DataKitchen DataOps Documention

Container Nodes

Nodes that run scripts and tools.

DataKitchen uses Docker containers to package code, runtime scripts, tools, and other settings so that a process executes efficiently and reliably without requiring custom infrastructure.

Container Nodes reference container images which become Docker containers at runtime, isolating a process from the environment to ensure that it runs the same way every time. DataKitchen provides a number of analytic container images that support any database, computing, programming, provisioning, data visualization, reporting, and business intelligence tools an organization requires.

Tool Support

Container nodes support the use of essentially any tool in the analytics toolchain, including scripts (Python, Java, Shell, etc.) and GUI tools like Jupyter and Tableau notebooks. Any DataKitchen container image available on Docker Hub may be leveraged in support of a tool in your toolchain.

DataKitchen Provides Many Standard I/O Connectors

For a list of DataKitchen supported standard I/O connectors that do not require the use of container nodes see Data Sources & Sinks documentation.

Container Images

DataKitchen provides a number of analytic container images that you can use directly or as bases on which you can build containers and add tools and proprietary libraries.
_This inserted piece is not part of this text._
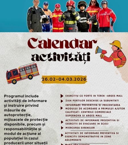 De asemenea, în data de 28 februarie 2026, între orele 13:00 – 16:00, în municipiul Curtea de Argeș vor avea loc activități de informare preventivă și exerciții demonstrative, desfășurate în zone aglomerate, cu scopul de a crește gradul de conștientizare al populației.

The General Purpose Container (GPC) has a standard configuration and several pre-installed tools to get users started quickly with their recipe building.
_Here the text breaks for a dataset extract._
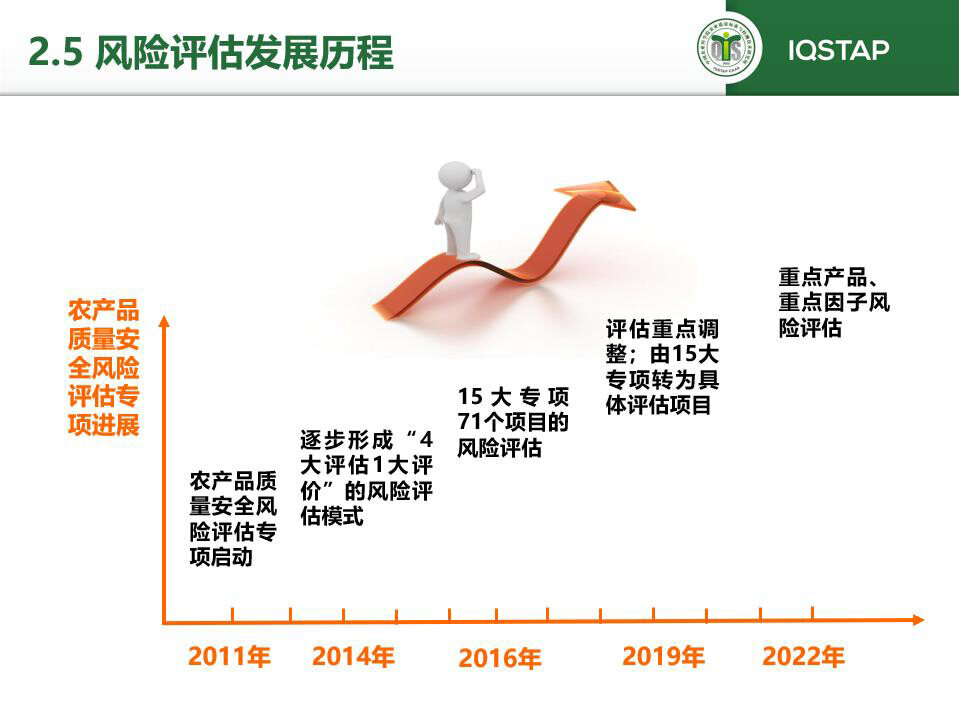 从农产品质量安全风险评估的发展历程来看,2014年,财政部和农村部将农产品质量安全风险评估作为国家重大财政专项,当时经费最高接近了一个亿。2011年,风险评估专项启动,2016年逐渐固定成了15大专项的评估模式,2019年开始以逐一解决重点问题的思路,针对重点产品中典型危害因子开展风险评估,持续至今。

See General Purpose Container for more information. And, find the GPC image on Docker Hub. Find other DataKitchen container images on Docker Hub as well.

DataKitchen Supports Alternative Container Image Hosts

Configure a connection to an alternative to DockerHub by editing the Docker Registry URL field of a Container Node's notebook.json file. This is the dockerhub-url field in the raw JSON.

Example value
http://containerhosting.website.com:5000/

Container Node Source Images

The container used for container nodes can be built directly from DataKitchen's analytic container, or a closely related derivative. Alternatively, users can leverage their own custom-built images for container nodes. In these cases, the node's notebook.json should include the following configuration.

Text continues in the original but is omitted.